Copy, please, the line with "100 ml Kondensmilch" and each line that follows it through the end of the data below, exactly as given and without pictures.

Input data
--- START ---

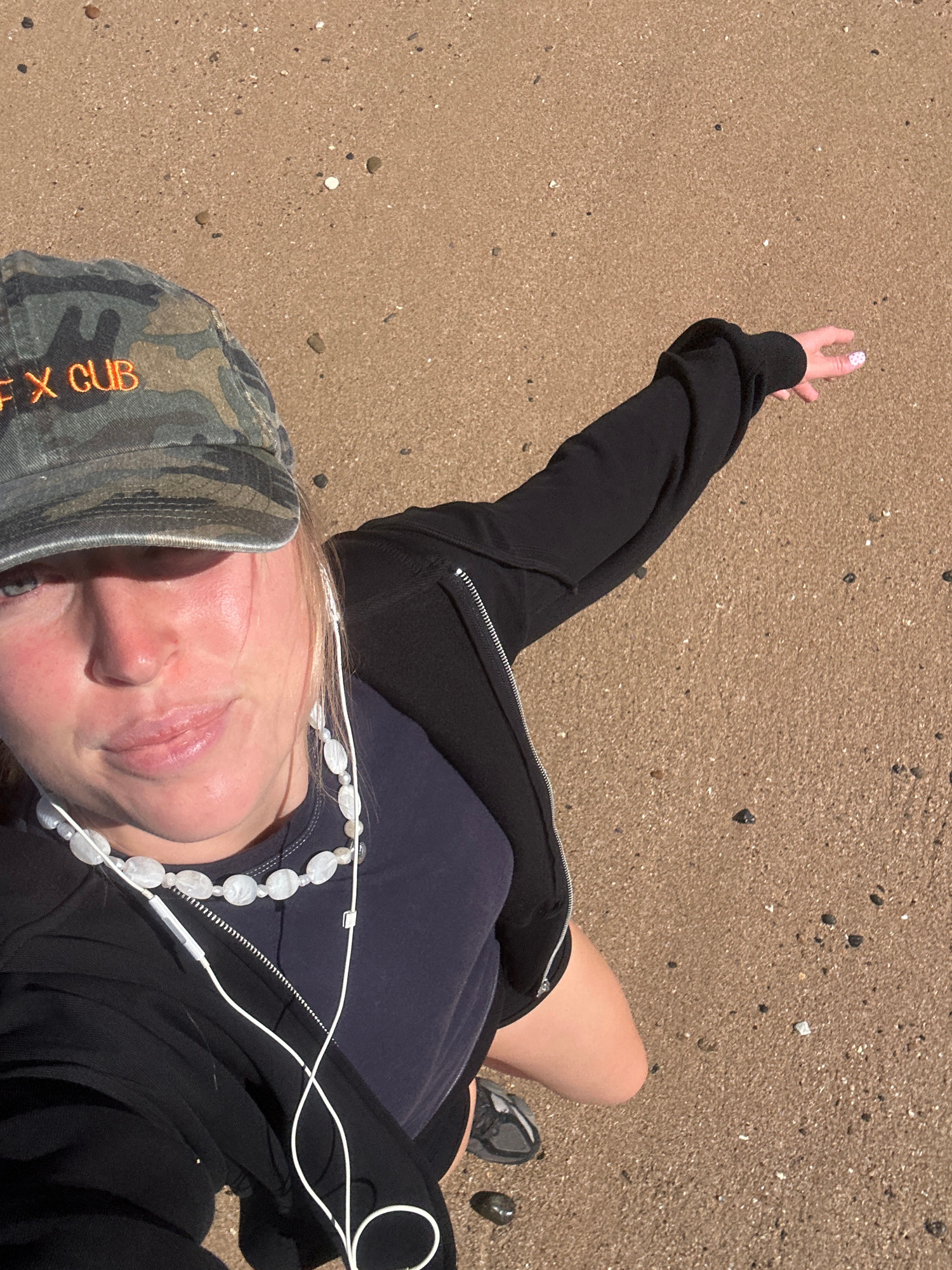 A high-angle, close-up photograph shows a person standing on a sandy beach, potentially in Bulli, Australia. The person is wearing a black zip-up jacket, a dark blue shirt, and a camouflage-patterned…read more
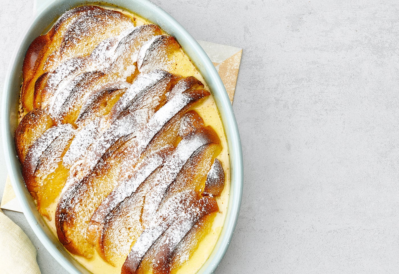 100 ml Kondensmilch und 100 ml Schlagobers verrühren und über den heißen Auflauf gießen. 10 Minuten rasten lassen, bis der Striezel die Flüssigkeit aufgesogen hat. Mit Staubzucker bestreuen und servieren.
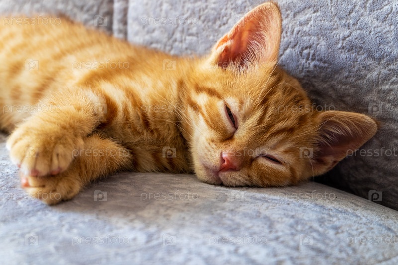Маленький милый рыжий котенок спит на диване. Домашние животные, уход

--- END ---

Task result
 100 ml Kondensmilch und 100 ml Schlagobers verrühren und über den heißen Auflauf gießen. 10 Minuten rasten lassen, bis der Striezel die Flüssigkeit aufgesogen hat. Mit Staubzucker bestreuen und servieren.
Маленький милый рыжий котенок спит на диване. Домашние животные, уход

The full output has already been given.